So a couple things I don’t understand with the Ueberauth Google implementation (and for @danschultzer and the asset package)…

There are 3 config/ENV variables that these implementations rely on:

  • GOOGLE_CLIENT_ID
  • GOOGLE_CLIENT_SECRET
  • GOOGLE_REDIRECT_URI

The flow for both these implementations (so far as I understand it):

  1. a user comes to your Phoenix site, clicks on the “Google Sign In” link whose target is another Phoenix route, /auth/google.
  2. Somehow, the request to /auth/google redirects to the the Google Sign In page for configured client, e.g. https://accounts.google.com/signin/oauth/identifier?client_id=123
  3. After successfully authenticating against Google, Google makes a GET request back to your app, e.g. http://localhost:4000/auth/google/callback?code=xxxxxyyyyzzz&scope=email+https%3A%2F%2Fwww.googleapis.com%2Fauth%2Fuserinfo.email+openid&authuser=0&hd=mysite.com&prompt=consent

And that’s where I can’t follow what it’s doing. Is the plug checking the supplied code in the GET request from Google to verify that it actually is from Google and properly signed? Because I assume there’s something there that’s preventing randos from making GET requests against that same endpoint and having it issue a session.

How I did my implementation of this was simpler (IMO). It required only 1 config: the GOOGLE_CLIENT_ID. I used the Google Sign In button provided by Google – I just had to include their JS. The flow was this:

  1. User comes to my Phoenix site, clicks the Google Sign In button.
  2. The Google JS fires a popup which requests https://accounts.google.com/signin/oauth/identifier?client_id=123 page (identified by the Google Client ID).
  3. After the user has successfully auth’d, execution came back to the JS, and it entered into the user defined callback.

At that point, your JS has the JWT produced via the signup, and it can POST that value to any endpoint you define in your app, and then:
4. Your app would verify the signature of the JWT to make sure it hadn’t been tampered with – setting GOOGLE_CLIENT_SECRET and GOOGLE_REDIRECT_URI was not required.

Why/how is Ueberauth verifying the OAuth response?

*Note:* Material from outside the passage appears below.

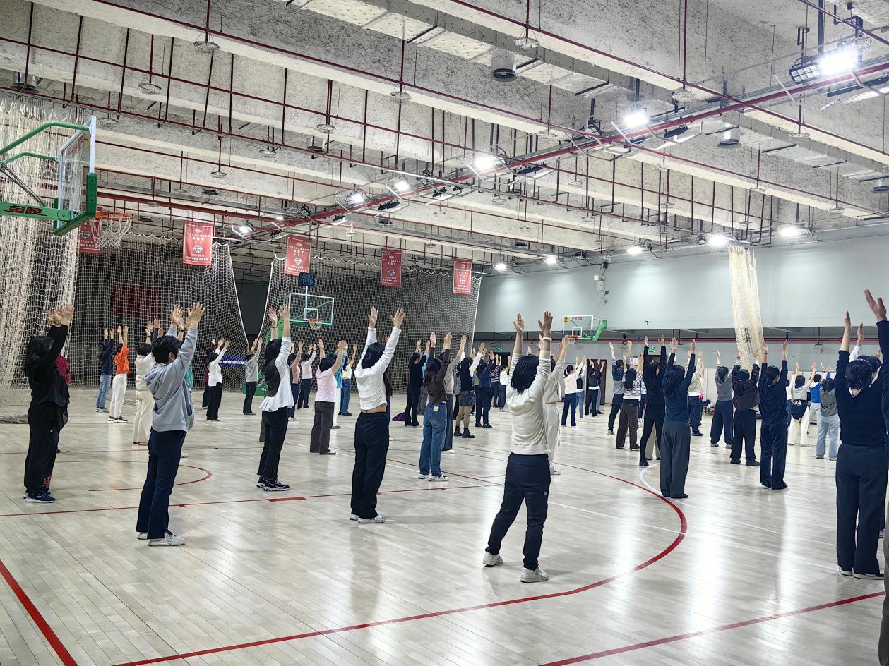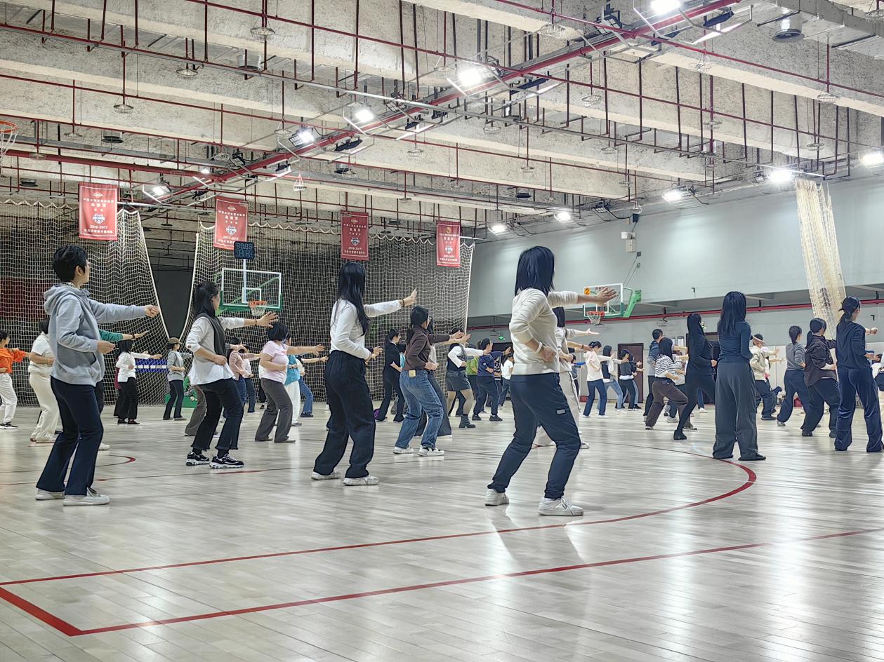 排练工作已经开展了两天,在邱德拔地下二层体育馆进行。体教部多位老师参与教授动作和指导工作。每位小教员认真学习,积极训练,目前已经可以开始配合音乐进行整体连贯动作。

It’s OAuth 2.0 auth code flow in both cases. Normally the client returns an auth code via query params to the server, and the server exchanges the auth code for an access token using the client secret. When you use the JS SDK it’s instead the client that handles this process. Instead of using client secret it’s done with PKCE, and the server will only have to validate the token signature.

This might give you an idea how it works in JS: https://developers.onelogin.com/openid-connect/guides/auth-flow-pkce

This PKCE link is helpful, thank you! Let me see if I have this straight… in the first case (e.g. the one used by Ueberauth), the server backend (e.g. Phoenix) ends up with a token which (after exchanging it) can be used to make further requests, whereas in the JS variant, the client ends up only with a JWT which vouches for the user and basically proves that the user is who they say they are (the client just has to verify the signature on the JWK to prove that it has not been tampered with).

I don’t recall having to define a client secret or code challenge, however… I’m also looking over https://auth0.com/docs/flows/concepts/auth-code-pkce – but I don’t follow all the steps that it diagrams.

I’ve done Facebook OAuth setups – they work the same way as the Ueberauth example with a token sent to the redirect URL that has to be exchanged before it can be used to make calls against the Facebook API. Twitter uses (used?) OAuth1, but it was the same type of flow.

I’m not aware of other authorities that will cough up a JWT as a “by-product” of logging in, which the client can then verify.

@danschultzer - does Assent support the PKCE type logins?

Yeah, that’s about right, they are both access tokens, but the one fetched by the client is usually short lived.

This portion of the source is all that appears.